The problem was, I was no longer living. I was biding time. And that is when we start to feel like maybe divorce is the only option, sadly.

Which is what I did.

But, the true answer comes in the form of looking at ourselves, the only thing we have even a hint of control over. Because we might one day, miraculously, make it off the island, like Tom did. In other words, we might tough it out through this rough patch. But if we haven’t gotten control of ourselves, what happens next?

We go back right back to the place where we left off, expecting our lives, our relationship to be like it was when we first fell in love. Only now, much like poor Tom, we have accumulated even more, what we often refer to today as “baggage”. But we find out the hard way that everything we knew, everything we counted on has changed.

At this point, typically, both parties feel that there are “irreconcilable differences” and they begin the process of dividing the furniture and the children.

And let me tell you, if you haven’t experienced it, the divorce process is a messy, painful, lengthy, oft times ugly ripping apart of lives. It is like a combination of loss and rejection all rolled up into one not so neat package. And my divorce was not even acrimonious.

Please do hear me however, when I say that I am not advocating staying in a marriage just to avoid the divorce process.
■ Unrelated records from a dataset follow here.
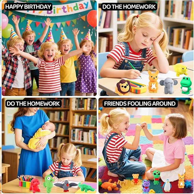 About This PUZZLE PENCIL ANIMAL ERASERS: Pack of 121 food animal erasers desk pets simple puzzle erasers toys in realistic... Read more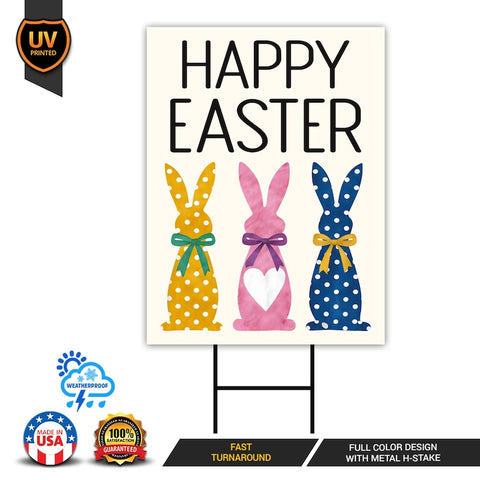 Happy Easter Polka Dot Rabbit Welcome Yard Sign, Love Heart Bunny Bow Easter Day Decorations, Polka Dot Bunny Lawn Signs with Metal H-Stake. Economical and durable, our Coroplast Yard Signs are a staple of outdoor advertising. This Happy Easter Yard Sign Decorations full color direct printed graphics are vertically fluted for use with an H-Stake. Coroplast is typically used for yard, parking, real estate, and election signs. They are waterproof. Crafted with care, each piece is made to order, ensuring a unique, personalized touch just for you
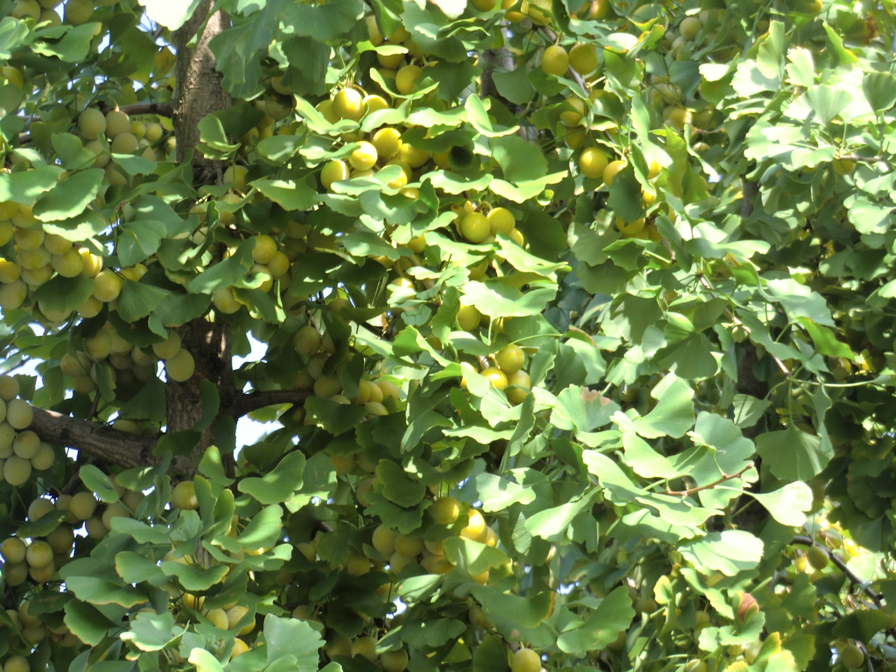 家の近くに植えられている公孫樹の木に、ぎんなんが沢山ぶら下がっていました。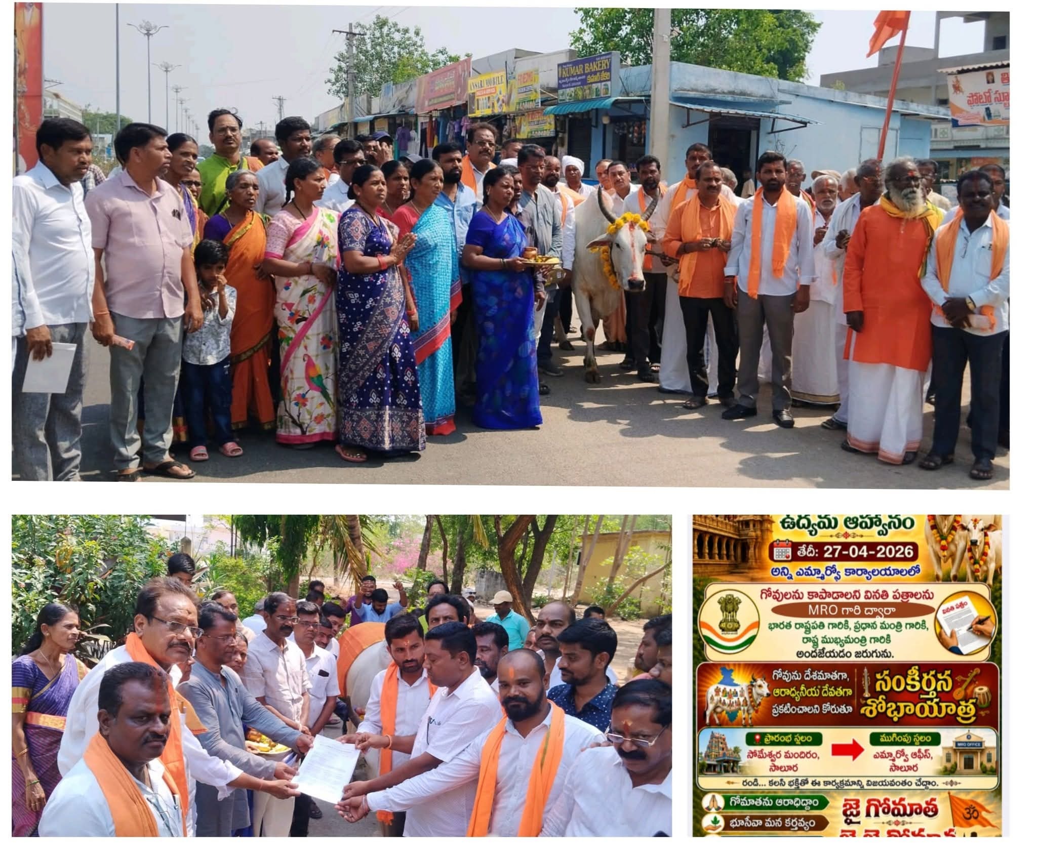 South ZoneTelangana నిజామాబాద్: గోమాతను జాతీయప్రాణిగా ప్రకటించాలి By Bharat Aawaz - 28 April 2026 0 0 Share FacebookXWhatsAppLinkedinReddItPrintTelegramCopy URL గో మాతను జాతీయ ప్రాణి గా ప్రకటించారని నవీపేట్ లో శోభా యాత్రగా ప్రధాన వీధుల గుండా వెళ్లి తాహసిల్దార్ గారికి వినతి పత్రం సమర్పించడం జరిగింది.

I am not advocating one way or another.

I am just sharing my story.

But I do believe in my core that whatever choice I made, whether I had decided to stay or continued with the divorce, I could have spared myself, my ex-husband and even my son a great deal of pain and confusion if I had grasped the healing power of coaching and writing either before deciding to divorce, during the divorce process and even post-divorce.

Coaching helped me gain insight and understand myself, know myself better. Writing helped me create a plan for my life. It opened my heart again and brought dreams back. It got me past the rocks. It helped me set sale on the beautiful life I have now. But think how wonderful it would have been to shave off the years of being stranded on that island.